Contents
-BIBLIOGRAPHIC RECORD
Thomas Humphry Ward, ed. The English Poets. 1880–1918.rnVol. IV. The Nineteenth Century: Wordsworth to Rossetti
William Lisle Bowles (17621850)
Critical Introduction by Henry Austin Dobson
[The Rev. William Lisle Bowles was born at King’s Sutton in 1762. His chief work is his Sonnets, first published in 1789. He died at Salisbury in 1850.]

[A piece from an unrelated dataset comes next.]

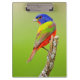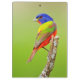 Gemalter Mann der Flaggen-(Passerina ciris) hockte Klemmbrett

IT was the candle of Bowles that lit the fire of Coleridge. We have it on record in the Biographia Literaria that to the author of The Ancient Mariner, bewildered at seventeen between metaphysics and theological controversy, and utterly out of sympathy with the artificialities of the Popesque school, the early sonnets of Bowles came almost in the light of a revelation. In a copy preserved at South Kensington he writes of them later as ‘having done his heart more good than all the other books he ever read excepting his Bible.’ Those who to-day turn to the much-praised verses will scarcely find in their pensive amenity that enduring charm which they presented to the hungry and restless soul of Coleridge, seeking its fitting food in unpropitious places. They exhibit a grace of expression, a delicate sensibility, and above all a ‘musical sweet melancholy’ that is especially grateful in certain moods of mind; but with lapse of time and change of fashion they have grown a little thin and faint and colourless. Of Bowles’s remaining works it is not necessary to speak. He was overmatched in his controversy with Byron as to Pope, and the blunt‘Stick to thy sonnets, Bowles,—at least they pay’
of the former must be accepted as the final word upon the poetical efforts of the cultivated and amiable Canon of Salisbury.